Reinvigorating professional ethics: The role of passion in professional life

Many people are motivated to enter the social professions because they want to care for people in need and to work for a better society. These motives are reflected in the principles embodied in codes of ethics and statements of professional values (including the promotion of human well-being, dignity and social justice). However, these codes are now becoming longer as they incorporate rules as well as principles; employers are requiring professionals to use prescribed forms, follow detailed protocols and measure outcomes; national governments are setting more precise standards and targets for social welfare work. ‘Professional ethics’ is becoming increasingly associated with codes, rules of conduct and conformity to externally defined standards.
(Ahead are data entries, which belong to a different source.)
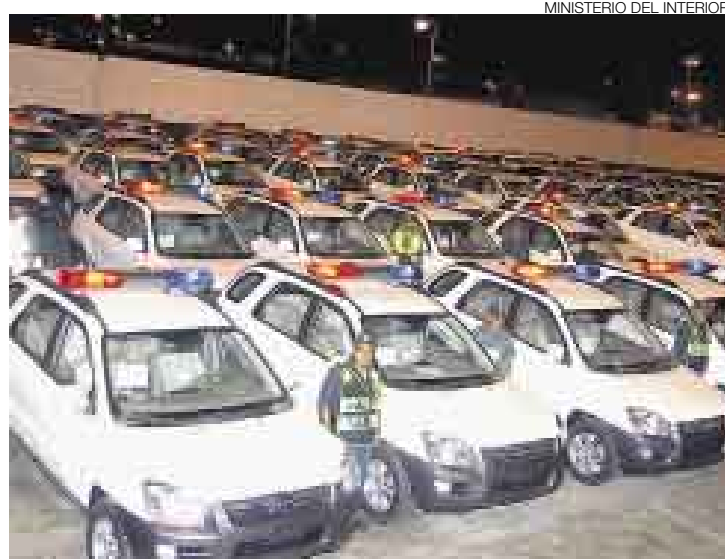
MÁS RESGUARDO. Con la llegada de este lote de nuevos vehículos coreanos, la PNP podrá aumentar el patrullaje en las calles de Lima.

“Han llegado cien patrulleros gestionados directamente por el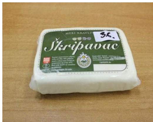
Slika 1. Sir Lički škripavac

Lički škripavac ima u pravilu cilindričan oblik, promjera cca. 15 cm, visine od 4-7cm a može imati i oblik koluta ili četvero-uglasti oblik kao što je prikazano na slici 1.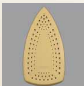
RESILIUM™ SUPERIORglide™ - talpă rezistentă la zgârieturi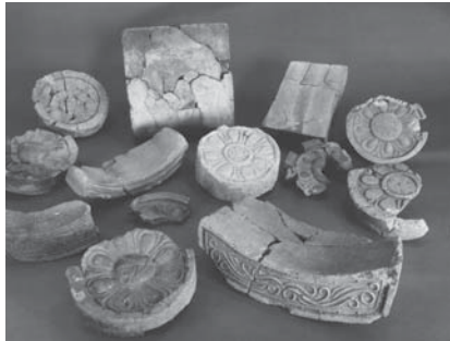
▲東京都有形文化財に指定された 瓦谷戸窯跡出土品

奈良時代の稲城市域は、どの ような様子だったでしょうか。 当時の稲城周辺の地域は、武蔵 国の多摩郡に属していました。 武蔵国は現在の東京都と埼玉 県、そして神奈川県、川崎市・ 横浜市の大部分を占める大國で した。稲城市域は、この武蔵国 のなかでも国分寺(現国分寺市)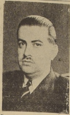
Don Manuel Casanueva, Ministro de Agricultura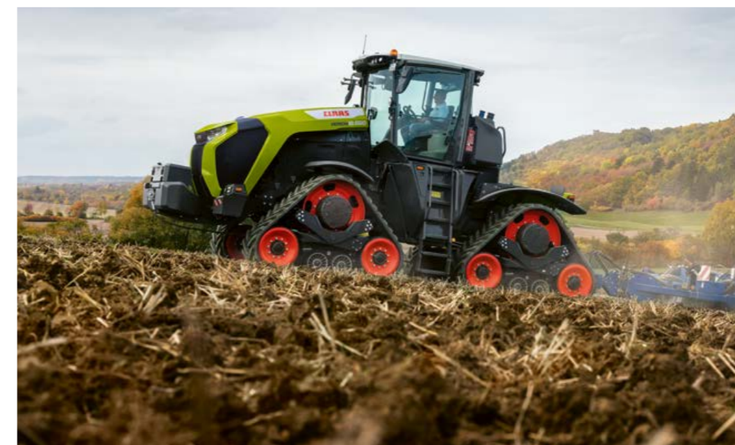
◀ Affjedringskonceptet – lige fra bælteundervognen med dæmpningsegenskaber over 4-punkt-kabineaffjedringen til det affjedrede premiumsæde – sørger for en særligt stor kørekomfort i XERION.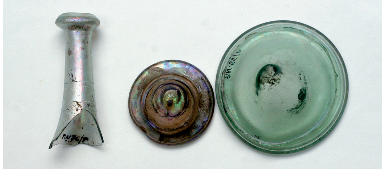
Sl. 3. Dijelovi dvokonusnih boca (Preradovićeva ulica). Fig. 3. Sections of biconical flasks (Preradović Street).

Whilst some of these ‘new accountability’ requirements may contribute towards better outcomes for service users and fairness in the distribution of time and resources, they also leave much less space for other crucial components of ethics in professional life. This presentation will discuss the importance for the social professions of recognising and valuing the role of personal engagement and political commitment – considering qualities such as empathy, care, moral perception, imagination, courage and critical consciousness. This leads us towards a revival of approaches to ethics based on qualities of character, relationships, context and commitment. It also leads us to consider critically how we balance the demands of logic with the call of passion; the need for distance with the desire for closeness; and the demand for conformity with that for transformation.
 
PAULISCHIN Herbert
herbert.paulischin@liwest.at

Individualisation and social cohesion

Social work practitioners face similar challenges all over Europe: the measures taken by national governments and international bodies to combat the financial and economic crisis cannot avoid a dramatic increase of unemployment and new risks of poverty as well as working poor. At the same time developments in communication technology and ongoing deregulation of the labour market have a negative effect on structures such as families and social networks, reducing their capacities to deal with personal conflicts and limiting resources for mutual support. Over the last twenty years Europe as a geographical region and in particular the enlargement of the European Union as a wider political and economic platform, has focused on promoting social cohesion and closing the gap between western and former socialist countries. The positive results of that movement are now under pressure and some achievements providing substantial improvement in living conditions for marginalized and/or socially excluded groups in European societies are not longer prioritised and financed. How does this affect daily work of social workers? Are there solutions at grass root level and can we learn from each other within the scope of international cooperation? Do social workers need further qualifications in order to be fit for new challenges? Do we effectively use existing resources at national and international level to improve the framework of social work? There will be more questions discussed and the Dubrovnik conference is the right place to develop ideas for solutions.